21/03/22: During the meeting to discuss game progress between the teams our group was told that the characters could not be stoners directly due to problems with target demographics. We started working on the game project itself, I created a pickup base class which worked by calling a function whenever the player pressed space that would add itself to an inventory that the player has so that they can cycle through the items they have, this should work well with puzzles that have the player take items that they find previously and use them to fit certain conditions to progress
28/03/22: On top of having a group project to be giving attention to we have also been tasked with writing a Report proposal for a report that we will do in the third year. We choose a topic to delve further into such as AI or VR. I’m curious about doing something such as making my own engine though that would be too big a task for the short time we’re given to accomplish it. I will do research on OpenGL which is a rendering API (Application Programming Interface) (Basically a library) that I can use to create a basic renderer. OpenGL has been used in many games as an alternative way to render, usually for compatibility as it works with more computers than DirectX (linux doesnt support DirectX directly)
04/04/22: After giving the project more thought and doing some research on OpenGL I have decided to create a simple renderer for my task, currently I do not have a more specific goal than to follow some sources to create a renderer though i do not yet know what I will use it for. My primary source of information in setting up the renderer will be from: https://learnopengl.com/ which is a large tutorial, written in C++, that explains how OpenGL and rendering works. I will be coding the program in C as it is a language I would like to learn as well as being the language used to create OpenGL. It’s used as the base for C++ so it shares a lot in common, the biggest difference being that a lot of functionality introduced in C++ (classes is an example) isn’t present in C so if the tutorial uses anything like that I will have to find a way around it
During this week I also redeveloped the interaction system for the group project as the current version was unusable in C++ and I don’t know blueprint well enough to contribute with it, so I replicated the way the original interaction system worked (calling to whatever object you were standing in the trigger for). This system was indistinguishable but meant that I could create interaction objects in C++ in the future. One bug that I took a bit to fix was that the trigger’s visual effect wouldnt be attached to the trigger object but changing the object from static to movable had seemingly fixed it
11/04/22: I went about setting up a way to follow along with sources and get started on creating a renderer in C, I decided to use CLion (JetBrains, 2015) as we have a student license for it however when downloading it I made a big mistake, I use Linux as my operating system which comes with an appstore of sorts which has CLion available to download but what I didn’t realise until later is that the download is in the form of a flatpak which is a way of packaging applications but flatpak keeps the application inside of its own environment. This is great for security but not for an IDE (Integrated Development Environment) which needs access to the root filesystem to get libraries to compile with, It took me a long time to realise this was the case but I kept getting errors about the compiler being unable to find the libraries that are supposed to be included with my operating system. Once I knew that this was the issue I instead downloaded it from the site which worked much better as I could now compile the code I was using to test the OpenGL setup I had:
This code borrowed from
http://www.codebind.com/linux-tutorials/install-opengl-ubuntu-linux/
creates a window called hello world that renders a right angle triangle on screen, I used it to make sure my CMake file was set up correctly. a CMake is used as instructions for the compiler so for example it contains all of the names and paths to the files needed for the build such as library files or header files
18/04/22: Following a tutorial found here: https://antongerdelan.net/opengl/ I sought out to set up OpenGL and use it for my technical report. I used CLion for this project
I’ve run into issues with libraries and I’ve needed to find them in my operating systems files (Linux Pop OS)

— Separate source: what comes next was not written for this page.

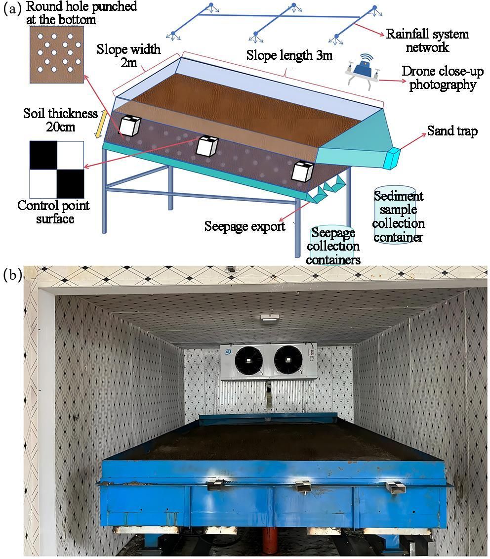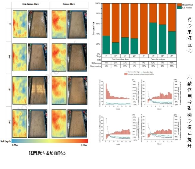 该研究聚焦于全球气候变暖背景下,高海拔地区面临的严峻生态挑战:短历时强降雨事件频发与冻融作用叠加,显著加剧坡面侵蚀风险。这一过程深刻影响着“世界屋脊”的水源涵养、生态安全和基础设施稳定。喻武教授团队依托西藏农牧大学水土保持人才创新基地,直面研究条件艰苦的挑战,采用了创新的研究手段:将高精度人工模拟降雨技术与无人机近景摄影测量技术相结合。模拟了极端短时强降雨(30分钟、80毫米/小时)条件下,不同坡度(5°、10°、15°、20°)的冻融与非冻融坡面侵蚀过程,并基于高精度DEM重建,实现了对片蚀与细沟侵蚀在冻融-强降雨耦合作用下的定量分离与精细识别。研究获得了一系列关键发现:(1)冻融作用使短时强降雨条件下的累计产沙量激增 28.1%–60.4%,输沙模数提升 29.1%–67.2%,定量印证了冻融是加剧侵蚀的关键驱动力;(2)冻融作用下,坡面泥沙来源由非冻融状态的片蚀主导,逆转为细沟侵蚀主导,其泥沙贡献率高达 63.9%–92.4%。这揭示了冻融对侵蚀过程的深刻重塑;(3)研究发现冻融效应在约10°坡度区间最为剧烈,强烈提示此坡度可能是冻融—短时强降雨耦合侵蚀的关键临界点,对灾害预警和防治具有重大指导意义。

Needs to find out more about library links and the CMake file
Taking the example code shown in Functional Example found at: http://www.codebind.com/linux-tutorials/install-opengl-ubuntu-linux/. I was able to get a triangle to appear on screen, tweaking the x y z allowed me to manipulate the triangle, the x y z lines generate the shape by placing vertexes onto the screen which opengl then connects together, these vertexes are read counter clockwise so its important to keep that in mind when creating vertexes
https://learnopengl.com/Getting-started/: massively helpful, main source of information setting up opengl
Setting up an OpenGL window
Main Takeaway – C is very barebones even booleans arent included by default.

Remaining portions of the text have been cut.